* MATERIAL PROVIDED:

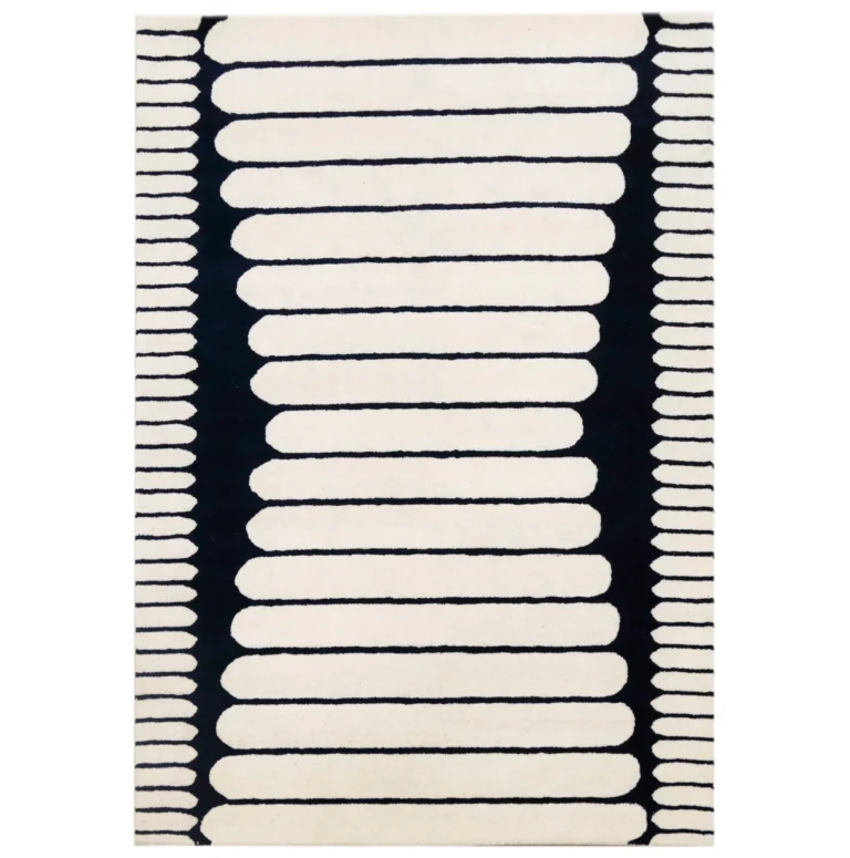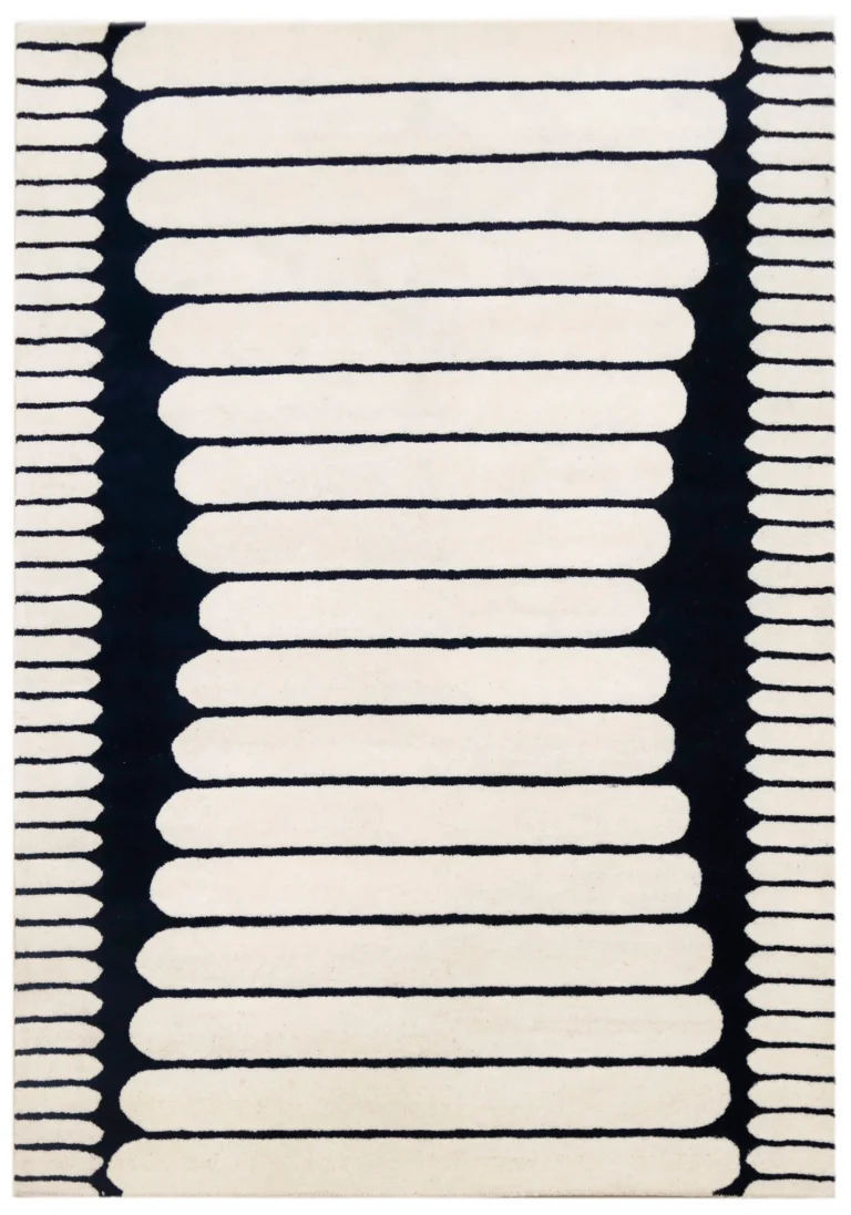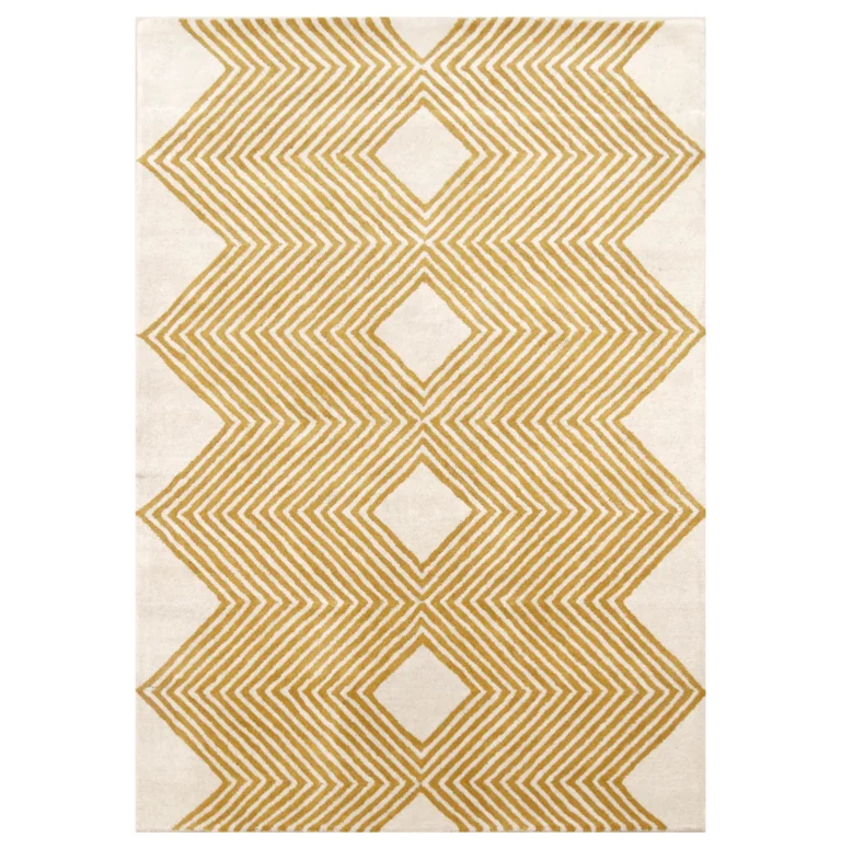 White Geometric Hand Tufted Wool Rug
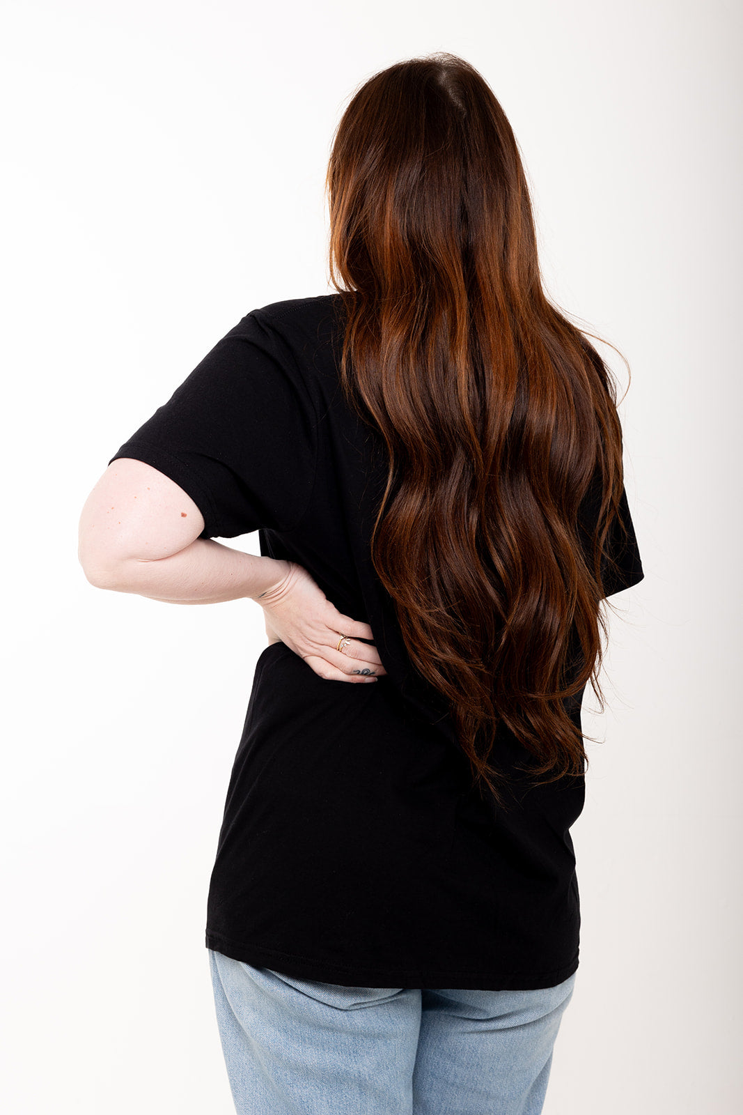 Super soft tee with large chest screen print and adjustable lace up detail.
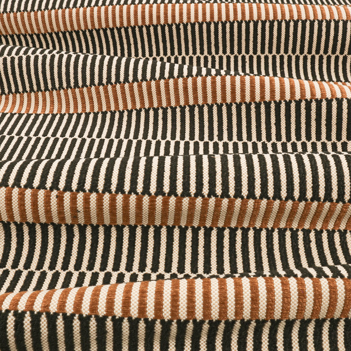 Un tissu jacquard luxueux, Vida Outdoor présente des lignes de rectangles entrelacés, confectionnés à partir de fils bouclés somptueux, qui se combinent pour former un motif à rayures saisissant, créant un rythme visuel intrigant.
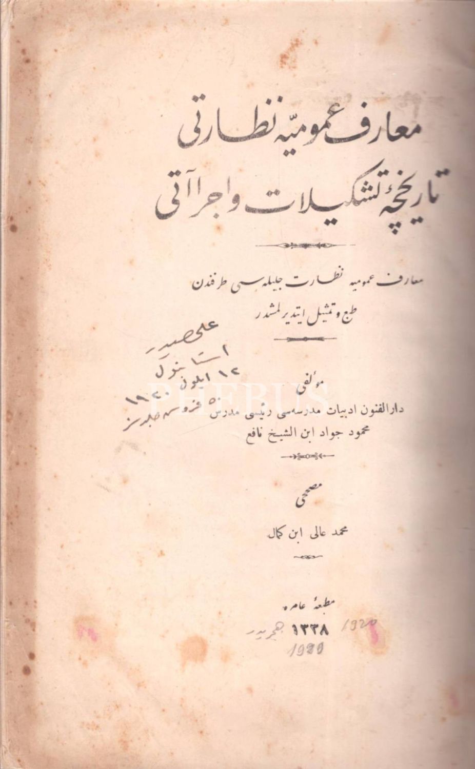 MAÂRİF-İ UMÛMİYYE NEZÂRETİ TÂRÎHÇE-İ TEŞKÎLÂT VE İCRÂÂTI, Mahmud Cevad İbnü´ş-Şeyh Nâfi´, tashih eden: Mehmed Âli İbn Kemal, Matbaa-i Âmire, 1338, 524 s., 17x25 cm
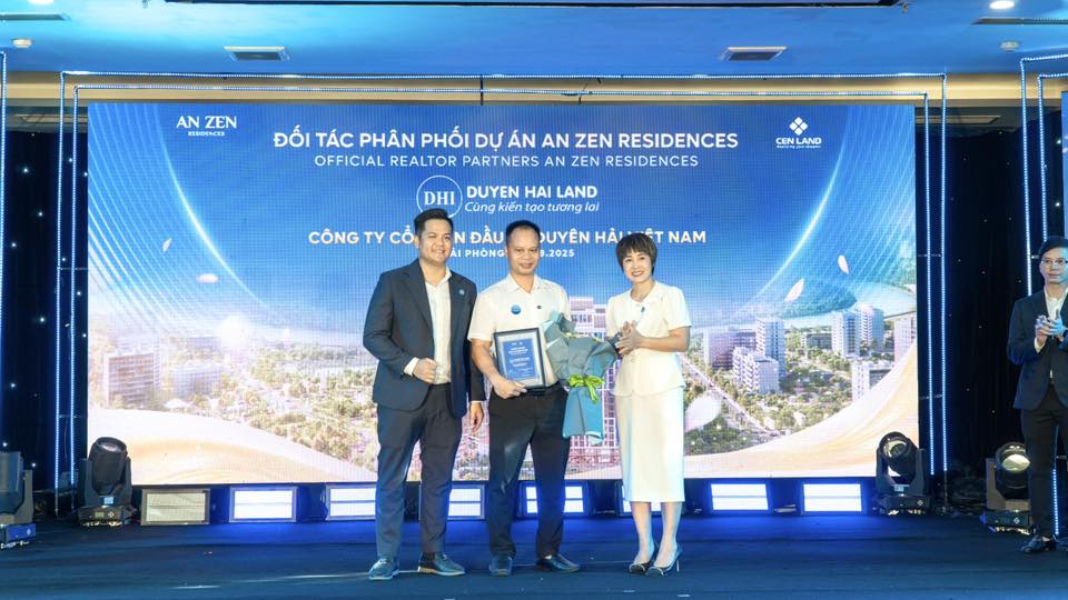 Trong khuôn khổ buổi lễ, Duyên Hải Land đã vinh dự được trao chứng nhận Đại lý phân phối chính thức dự án An Zen Residences Hải Phòng. Đây là dấu mốc quan trọng, khẳng định sự hợp tác bền chặt giữa Chủ đầu tư và Duyên Hải Land trong việc lan tỏa những giá trị sống đẳng cấp mà dự án mang lại.
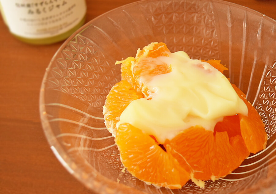 「信州産 すずらん牛乳使用 みるくジャム」をみかんに塗ってみた
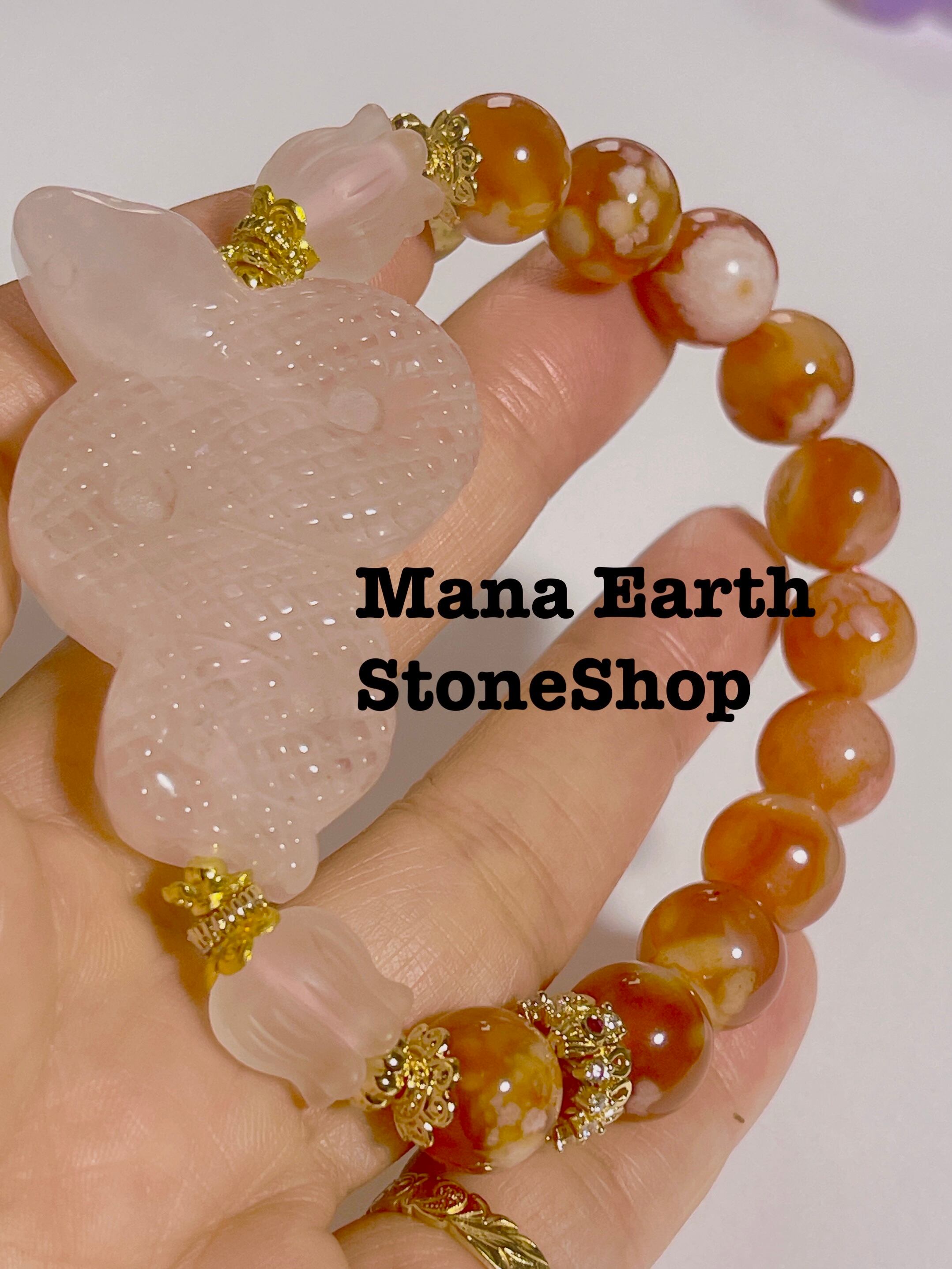 ローズクォーツ オレンジ桜瑪瑙 天然石ブレスレット

* EXERCISE: Please output the data above exactly as given, omitting every picture.

* YOUR SOLUTION:
 White Geometric Hand Tufted Wool Rug
 Super soft tee with large chest screen print and adjustable lace up detail.
 Un tissu jacquard luxueux, Vida Outdoor présente des lignes de rectangles entrelacés, confectionnés à partir de fils bouclés somptueux, qui se combinent pour former un motif à rayures saisissant, créant un rythme visuel intrigant.
 MAÂRİF-İ UMÛMİYYE NEZÂRETİ TÂRÎHÇE-İ TEŞKÎLÂT VE İCRÂÂTI, Mahmud Cevad İbnü´ş-Şeyh Nâfi´, tashih eden: Mehmed Âli İbn Kemal, Matbaa-i Âmire, 1338, 524 s., 17x25 cm
 Trong khuôn khổ buổi lễ, Duyên Hải Land đã vinh dự được trao chứng nhận Đại lý phân phối chính thức dự án An Zen Residences Hải Phòng. Đây là dấu mốc quan trọng, khẳng định sự hợp tác bền chặt giữa Chủ đầu tư và Duyên Hải Land trong việc lan tỏa những giá trị sống đẳng cấp mà dự án mang lại.
 「信州産 すずらん牛乳使用 みるくジャム」をみかんに塗ってみた
 ローズクォーツ オレンジ桜瑪瑙 天然石ブレスレット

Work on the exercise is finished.